NEW ULM — Lester Schuft’s daughter said one of his heart surgeons was so moved by Schuft’s ability to stay alive, it brought him to religion.
“He’s had quadruple bypass surgery, a pacemaker and a heart valve replaced,” said Sherry McCormick of Hutchinson at Saturday’s Minnesota Music Museum Hall of Fame Showcase.
“One doctor told me he didn’t believe in religion until he met dad,” McCormick said.
Schuft, 84, grew up on a farm near Brownton. He was inducted into the Minnesota Music Hall of Fame as a polka band leader at Turner Hall Friday.
Schuft has lead a busy life, and he plans to keep it that way. He still sells advertising at KDUZ/KARP radio in Hutchinson. He was a longtime dentist before retiring from that profession in 1969.
“I went through a lot in life,” said Schuft. “God keeps me alive, so there must be something for me to do. I couldn’t just sit around. I’d go nuts.”
Music has been a big part of his busy life. He began playing drums and a trumpet as a young boy.
Schuft has owned, operated and performed with Lester Schuft and The Country Dutchmen Band for 63 years. He required band members to be disciplined. They were not allowed to drink, use profanity or fool around. The band still performs.
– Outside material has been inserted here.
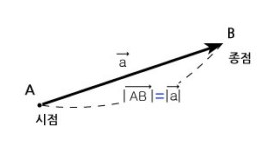 대응되는 개념으로 크기만을 가지는 변량은 '스칼라'이다.

Schuft has made more than 300 recordings. He taught many people to play the trumpet and helped others find instruments to play.
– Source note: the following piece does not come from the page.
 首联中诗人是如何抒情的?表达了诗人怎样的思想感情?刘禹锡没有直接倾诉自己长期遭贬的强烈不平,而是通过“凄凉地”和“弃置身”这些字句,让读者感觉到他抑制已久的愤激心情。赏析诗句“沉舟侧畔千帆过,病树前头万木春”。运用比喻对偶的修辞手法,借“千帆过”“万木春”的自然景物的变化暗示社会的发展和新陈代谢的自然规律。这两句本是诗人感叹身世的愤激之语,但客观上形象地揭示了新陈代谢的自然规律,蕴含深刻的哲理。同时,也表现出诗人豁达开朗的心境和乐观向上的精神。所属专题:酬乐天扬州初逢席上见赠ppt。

Musical performances helped him pay his way through the University of Minnesota dental school.
While in the Minnesota National Guard, drilling at Camp Ripley, Schuft played trumpet with Peter Wendinger of St. George, who was also in the Guard. The two men reminisced at the inductee showcase in the Minnesota Music Hall of Fame Museum Saturday.
“On (drill) weekends, we’d go play in Camp Ripley and in places in Little Falls, Pierz, and Pillager,” said Schuft. “Playing in the North Stars pep band was really fun. We’d play before, during and after games.”
He has performed for many notable peple, including the Minneapolis Aquatennial Queen’s Dance, for Hubert H. Humphrey when he ran for president against Richard Nixon in 1968, and he appeared for more than 40 years on the KEYC Channel 12 Bandwagon show and on RFDTV, among other shows.
“When words don’t cut it, music will. Music is therapy,” he added.